Buildings Business Manager – NSW

Station developments can deliver sustainable economic, social and community benefits, but only if the planning, design and construction are done well.

Train stations are expensive to build and sit on valuable land, so owners need to develop them to increase their return on investment.

Station development

Transit hubs occupy a large footprint in the world’s most crowded and expensive cities. No wonder station operators and landowners worldwide are looking to extract more value. Increasingly, they’re selling, developing or leasing the land holdings and the air rights above them for over station and integrated station development (OSD and ISD).

As well as increasing revenues, there’s the added attraction of improving social and community amenity. OSDs and ISDs provide new employment, housing and entertainment options in inner city areas where there’s otherwise little room to do so. What’s more, a well-planned and designed station development will regenerate the whole suburb by attracting further local investment.

There’s clearly a compelling business case for station landowners to optimise their assets.
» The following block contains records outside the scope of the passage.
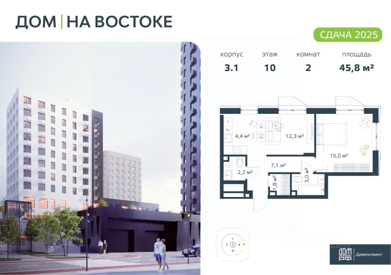 Просторная 2-комнатная квартира евроформата с повышенной инсоляцией и предчистовой отделкой в жилом комплексе "ДОМ на Востоке". Общая площадь 45,8 м2. Срок сдачи 4 кв. 2025 г. Монолитный дом. "ДОМ на Востоке" жилой квартал с авторской архитектурой от известного бюро KAMEN, благоустроенной территорией и собственной развитой инфраструктурой. Это флагманский проект от государственного застройщика ДОМ.РФ Девелопмент, расположенного в сердце живописной бухты Патрокл. Проект находится в перспективном, быстроразвивающемся районе города со всей инфраструктурой на берегу залива. Всего 8 минут пешком и вы на Леопардовой набережной совершаете променад или любуетесь завораживающими закатами и рассветами. До центра города и крупных торговых центров легко добраться за 20 минут на автомобиле. Преимущества квартиры - Современная планировка евроформата - Высокий потолок 2,87 м в чистоте - 2 санузла - Повышенная инсоляция 2 окна в спальне, 2 окна в кухне-гостиной - Гардеробная комната - Две корзины для кондиционеров Отделка: В квартире будет выполнена предчистовая отделка. - Возведены перегородки из керамзитобетонных блоков - Произведена разводка электричества - Трубы отопления проведены внутри стяжки пола, выводы под радиаторы расположены на стене - Оштукатурены стены - Выполнена стяжка пола - Установлены радиаторы с терморегулятором - Выполнена шумоизоляция пола - Установлены окна с двухкамерными стеклопакетами и металлическая входная дверь - В квартиру заведен интернет-кабель - Выведены коммуникации для установки кондиционера К моменту выдачи ключей все шумные работы будут завершены. Вам останется самая приятная часть ремонта выбор финишных отделочных материалов, сантехники, мебели и аксессуаров. Инфраструктура На первых этажах домов будет все необходимое для жизни: магазины, кафе, аптеки, салоны красоты и многое другое. А для семей с детьми предусмотрены детские сады, безопасные игровые площадки и игровые комнаты. Паркинг: подземный отапливаемый с видеонаблюдением Для удобства жителей комплекса предусмотрен теплый паркинг в доме. Теперь не придется искать место для парковки, а также чистить автомобиль от снега или долго прогревать его в холодное время года. В паркинге также расположены кладовые помещения для хранения сезонных вещей и спортивного инвентаря. Условия покупки Продажа от надёжного государственного застройщика ДОМ.РФ Девелопмент с использованием эскроу-счетов. 100% оплата или ипотека. Сейчас действуют особые предложения по льготной ипотеке на период строительства.
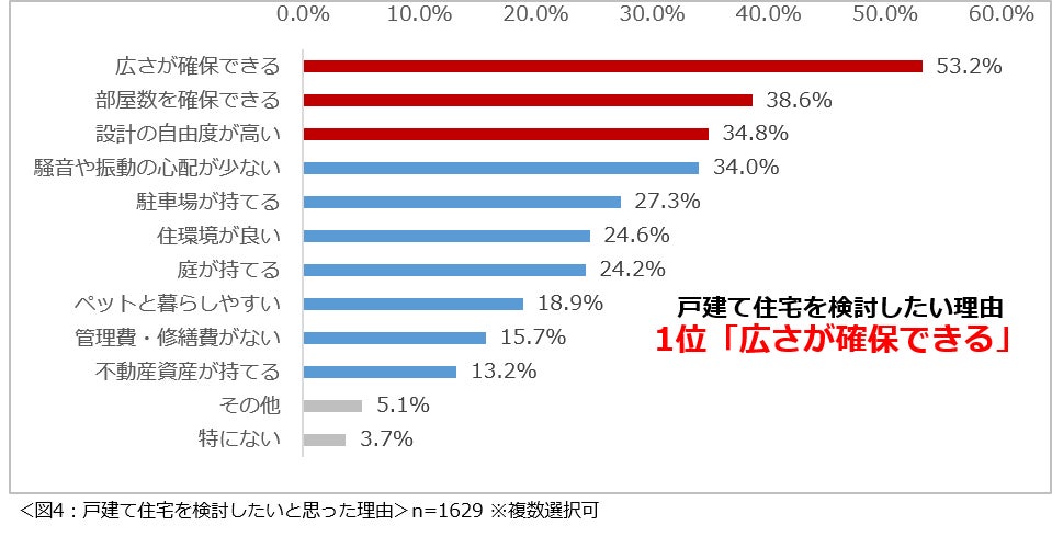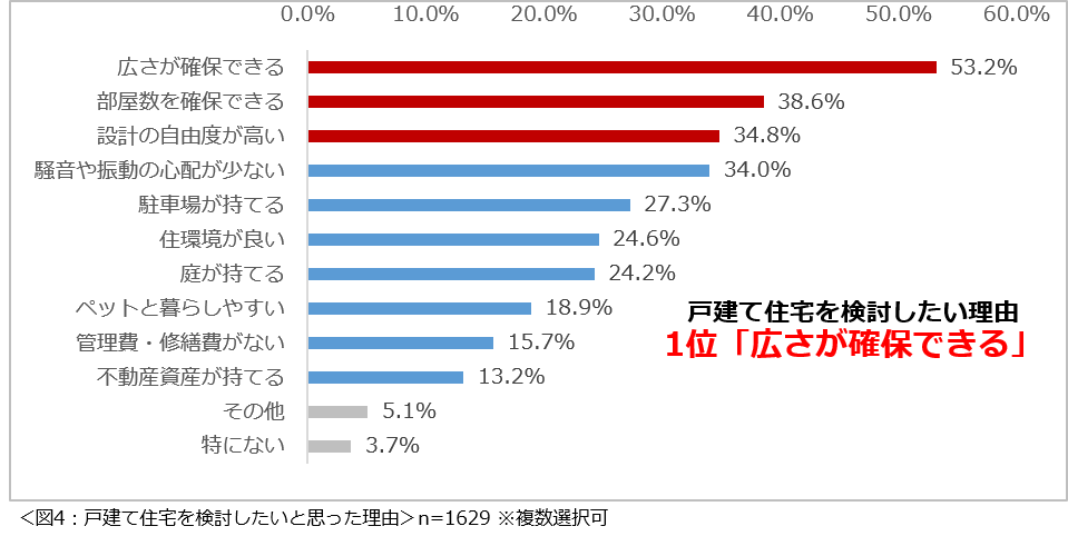 戸建て住宅を検討したいと思った理由を尋ねたところ、「広さが確保できる」(53.2%)という回答が最も多く、次いで2位が「部屋数を確保できる」(38.6%)、3位「設計の自由度が高い」(34.8%)という結果になりました。(図4)
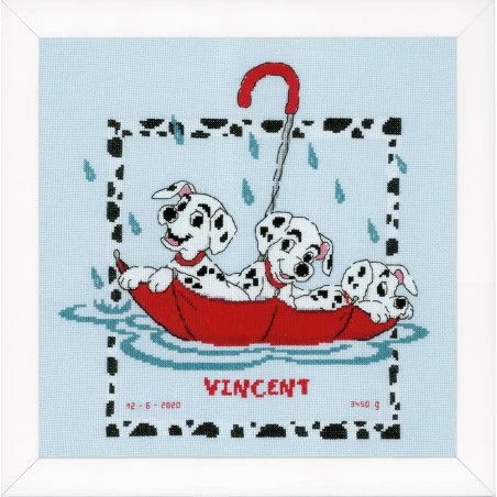 El kit de punto de cruz Disney Dálmatas de Vervaco incluye todos los materiales necesarios para bordar este divertido cuadro de los 101 Dálmatas.
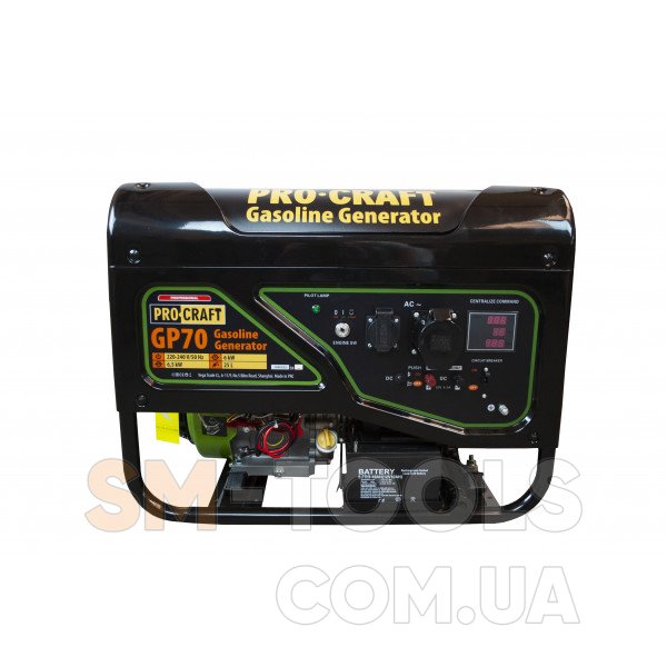 - Небольшая цена на бензиновый генератор Procraft GP70 – такие генераторы стоят дешевле, чем дизельные.
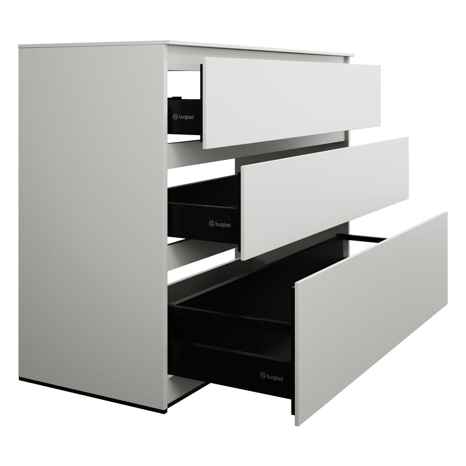 - Vollauszug mit geräuscharmem Selbsteinzugsmechanismus inklusive Anschlagdämpfung (Silent System)
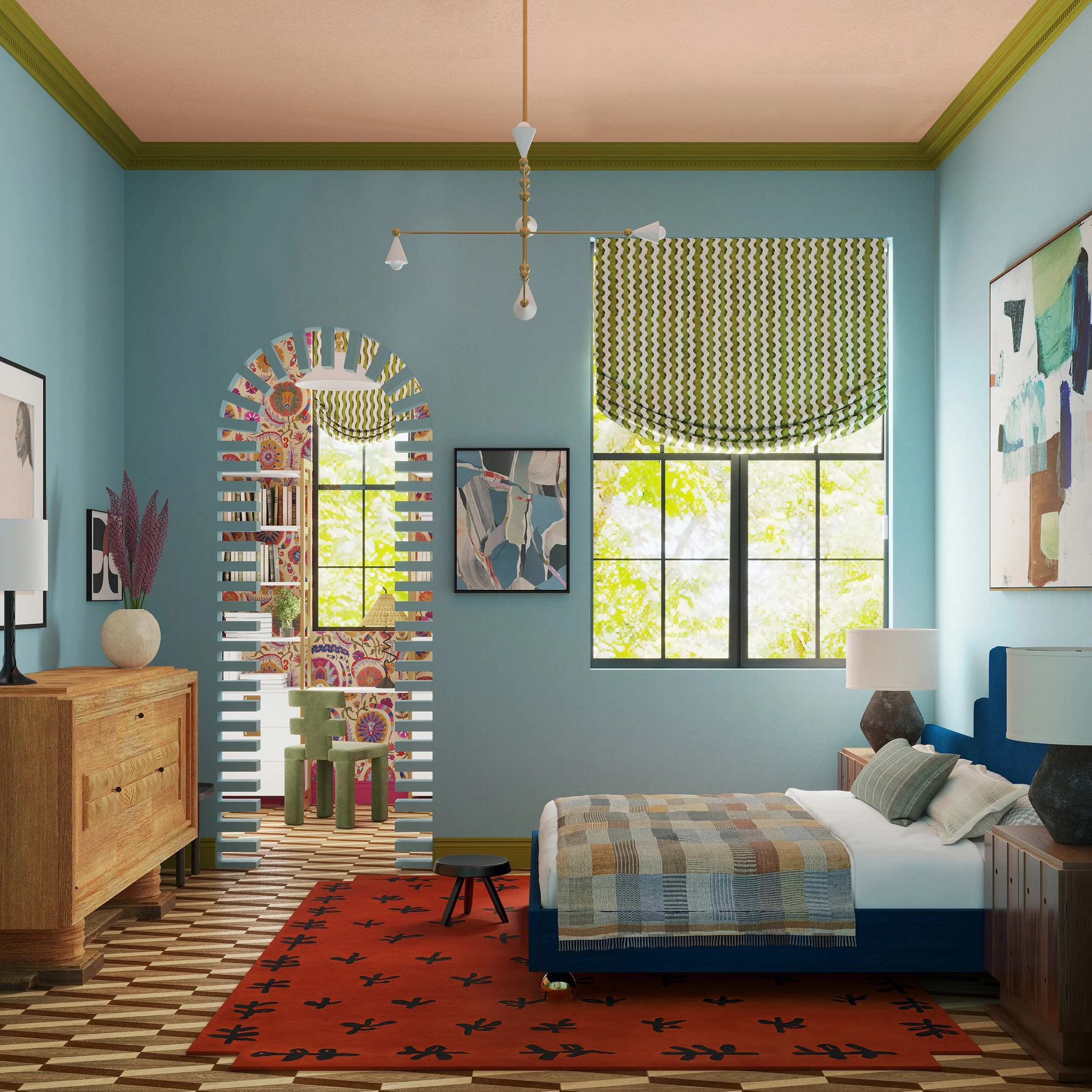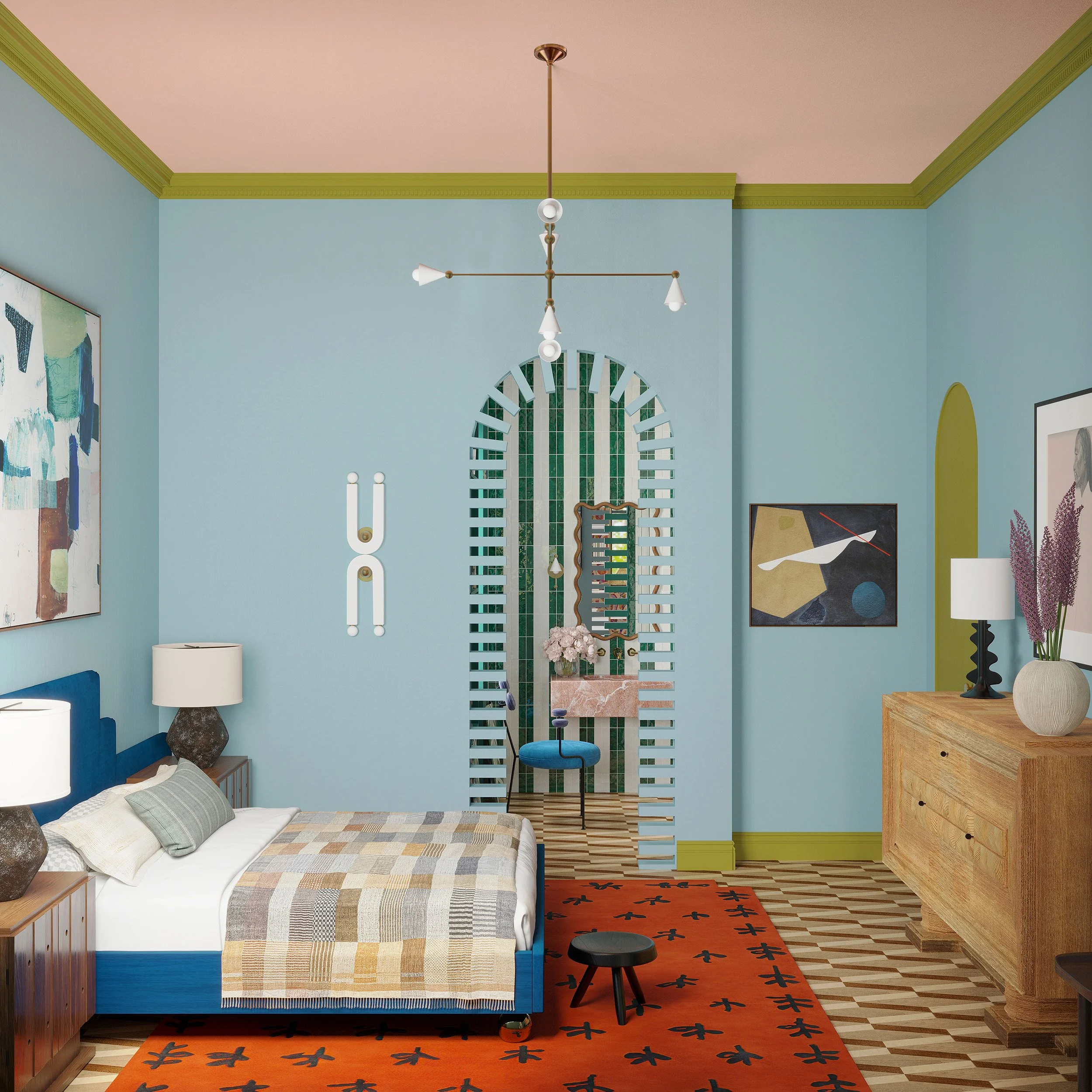 My design approach for the bedroom was to add a calming blue color Dunn Edwards Dura “Blue Spruce” which happens to be my bff, Louvain’s favorite color. We then contrasted it by painting the dentil crown molding and baseboards in “Gecko” and ceiling in “Light Carob”. Two arches open up to the closet and bathroom add architectural interest in the space. I was inspired by the multifoil arches I saw at the Royal Alcázar in Seville when I visited and wanted to put a contemporary spin on those beautiful Moorish designs. I've never done this before IRL but I imagine it's definitely DIY-able. It definitely adds a bold statement. For the hardwood floors, we went for an intricate ribbon pattern using three colors from Bruce Flooring. Hanging from the ceiling is my own Hikari chandelier.

But until recently, Australian cities have lagged behind their global counterparts, particularly those in Asia. Station development has been underway there for decades, especially in land-locked cities such as Singapore where the only option is to build up. As populations continue to grow in Australia’s urban centres, similar high-density development will become necessary. Hong Kong’s Metropolitan Transit Railway is a perfect example—the high-rise apartments and malls close to and above its stations are funding the construction of more transport infrastructure. 

As Australia plays catch up with our global counterparts, an understanding of the strategic challenges unique to ISDs and OSDs is important. They’re multi-year developments subject to a raft of delays. They also require significant upfront costs and have delayed receipts. 

However, dwindling supply and soaring prices for metro land have reached critical levels, so Australian state governments and transport authorities are now examining their station investments more closely. 

Having worked on a range of ISDs and OSDs, we find them challenging and fascinating to work on. Each project has characteristics you don’t see in other developments and we enjoy helping our clients navigate the complexities. 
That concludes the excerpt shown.